University of Waterloo Greenhouse Design Initiative: Shedding Light on the Importance of Hospice Care

By Neel Bhavsar, Claudia Spengler, David Chobotov

Three University of Waterloo students are helping Hospice Waterloo Region find ways to counter misconceptions and increase referral rates earlier in the end-of-life trajectory, so that individuals and their families can benefit from needed services and support.


As part of the Greenhouse Workplace Innovation Program (WIP) at the University of Waterloo, we are a team of three students taking part in an 8 month project in which we are paired with a local organization and receive support from WIP in the process of investigating and solving a core organizational need. We are currently working with Hospice Waterloo Region (HWR), originally a community hospice care provider, which is now expanding their services to in-facility beds in the months to come. In this project, we are investigating ways in which the organization may broaden public understanding of hospice services and increase referral rate for hospice support earlier in a person’s end of life journey.

To investigate and solve this problem, we have divided our approach into three sections: problem investigation, solution ideation, and prototyping / testing. The first step in our problem investigation process was to collect as much information as possible about the hospice and palliative care systems. In doing so, we followed an inductive approach to our research by conducting informal interviews with key informants in geriatric care and palliative care, as well as healthcare practitioners.

From our research, we came to learn that many of HWR’s clients enter hospice care with only a few weeks left to live, and do not reap the full benefits of the palliative care process. We discovered that this is largely due to a reluctance among some communities, doctors, or families to make referrals based on misconceptions about what hospices actually are, and stereotypes surrounding palliative care. For example, many patients may perceive a recommendation to hospice as a sign that their medical team has given up, or that medical care has nothing left to offer. The reality is that hospices are much more than places people go to in order to transition from life to death. With the goal of improving quality of life in a patient’s final months, hospices focus on providing physical, emotional, spiritual, and practical support to both patients and families. Like other hospices in Ontario, HWR’s services and overarching philosophy are underpinned by the view that death is a journey both individuals and families must undergo, and that this journey does not have to be travelled alone. When dealing with terminal cases, a physician has the responsibility to inform their patients that the medical care system has not given up on them, and that a palliative approach to care, which includes hospice support, can be introduced earlier to provide opportunities that enrich a client’s life until death. By providing services such as professional counselling, legacy activities, physical / spiritual therapy, vigiling, group activities, and more, Hospice Waterloo Region supports people to keep living to their fullest potential within the constraints that their condition has placed them in. The problem we identified is that not enough people know this.

Before starting this project, our group recognized a series of assumptions which we had about hospice care which may prevent the general public from understanding the full extent of hospice services. The first assumption being that hospice care is strictly only an in-facility based system which provides care to clients and family of clients in the facility. This is not at all the case, as Hospice Waterloo Region was primarily an “at-home care service” even before the pandemic which focused on supporting individuals who were dying through counselling, 1:1 volunteer support and day program activities. That work also included support for caregivers and families dealing with the loss of a loved one. Another large assumption our group had at the beginning of the program was that you can only be referred to hospice through a primary care physician. This again is not true as you can refer yourself or a family member or a friend; this assumption prevents the possibility of more people reaching out to hospice care on their own to learn more about the extent of these services. Another large assumption includes the idea that services are not for family members or friends of clients in end of life care, the concept being that the services are again limited to direct care of the client. But hospice also supports family and friends in their everyday life, from buying groceries to providing rides in to the facility or work, whatever help may be needed. In order to address the increase of referrals overall it is important to directly approach these misunderstandings about hospice care which prevent full understanding of the services offered and the likelihood of all individuals including family members and friends, primary care physicians, and community members of making these referrals in the first place.
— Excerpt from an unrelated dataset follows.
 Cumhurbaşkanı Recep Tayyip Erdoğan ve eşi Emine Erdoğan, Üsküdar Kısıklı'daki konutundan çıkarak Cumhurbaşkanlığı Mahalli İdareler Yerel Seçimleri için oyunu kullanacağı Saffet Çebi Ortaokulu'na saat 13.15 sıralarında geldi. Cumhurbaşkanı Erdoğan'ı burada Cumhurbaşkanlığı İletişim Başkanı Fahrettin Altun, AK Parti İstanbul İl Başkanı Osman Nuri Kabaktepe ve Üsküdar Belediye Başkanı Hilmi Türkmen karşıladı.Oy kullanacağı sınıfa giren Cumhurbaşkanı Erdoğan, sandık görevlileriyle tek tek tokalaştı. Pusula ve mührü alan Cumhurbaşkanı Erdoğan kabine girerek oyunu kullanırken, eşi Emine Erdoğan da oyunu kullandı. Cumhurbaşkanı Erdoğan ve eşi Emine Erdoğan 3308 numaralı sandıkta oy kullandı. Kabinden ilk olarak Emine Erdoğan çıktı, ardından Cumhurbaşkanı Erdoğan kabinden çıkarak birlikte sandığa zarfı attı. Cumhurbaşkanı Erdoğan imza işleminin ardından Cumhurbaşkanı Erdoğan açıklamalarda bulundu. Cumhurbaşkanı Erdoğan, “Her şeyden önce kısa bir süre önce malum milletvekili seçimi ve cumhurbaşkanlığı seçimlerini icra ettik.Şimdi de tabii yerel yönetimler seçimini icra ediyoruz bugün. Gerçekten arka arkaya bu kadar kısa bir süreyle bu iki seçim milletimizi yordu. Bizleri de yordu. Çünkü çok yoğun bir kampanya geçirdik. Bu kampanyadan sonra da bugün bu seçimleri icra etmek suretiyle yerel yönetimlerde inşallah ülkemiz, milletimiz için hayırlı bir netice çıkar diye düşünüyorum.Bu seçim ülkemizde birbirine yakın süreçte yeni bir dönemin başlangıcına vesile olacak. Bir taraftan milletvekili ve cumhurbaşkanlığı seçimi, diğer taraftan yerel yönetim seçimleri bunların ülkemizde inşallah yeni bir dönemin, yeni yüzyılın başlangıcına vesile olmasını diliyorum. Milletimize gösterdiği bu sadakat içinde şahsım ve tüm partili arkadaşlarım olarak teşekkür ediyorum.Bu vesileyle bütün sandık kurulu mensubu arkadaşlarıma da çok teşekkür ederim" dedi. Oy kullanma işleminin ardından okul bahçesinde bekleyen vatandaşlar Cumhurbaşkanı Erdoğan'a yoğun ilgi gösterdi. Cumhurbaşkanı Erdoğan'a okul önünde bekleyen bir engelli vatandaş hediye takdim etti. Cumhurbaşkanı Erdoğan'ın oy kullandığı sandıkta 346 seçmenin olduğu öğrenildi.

At this point in our project, we have finalized our problem investigation and are in the process of ideating solutions. Next steps for our team involve researching specific target stakeholders, and ideating solutions on ways to increase earlier referral rates from that specific target source. With the Greenhouse Workplace Innovation Program, we have had the chance to delve deep into an important issue which is part of a greater need for educating the general public about hospice services and the philosophy of palliative care. Our hope is that we are able to broach this larger problem with our solution. Bearing in mind that every step in the right direction can make a large difference in the end of life care of many individuals, we seek to prevent people from experiencing the “I wish I knew about how hospice could have helped me sooner” sentiment. We are very excited to see how our team will go about doing this in the months to come.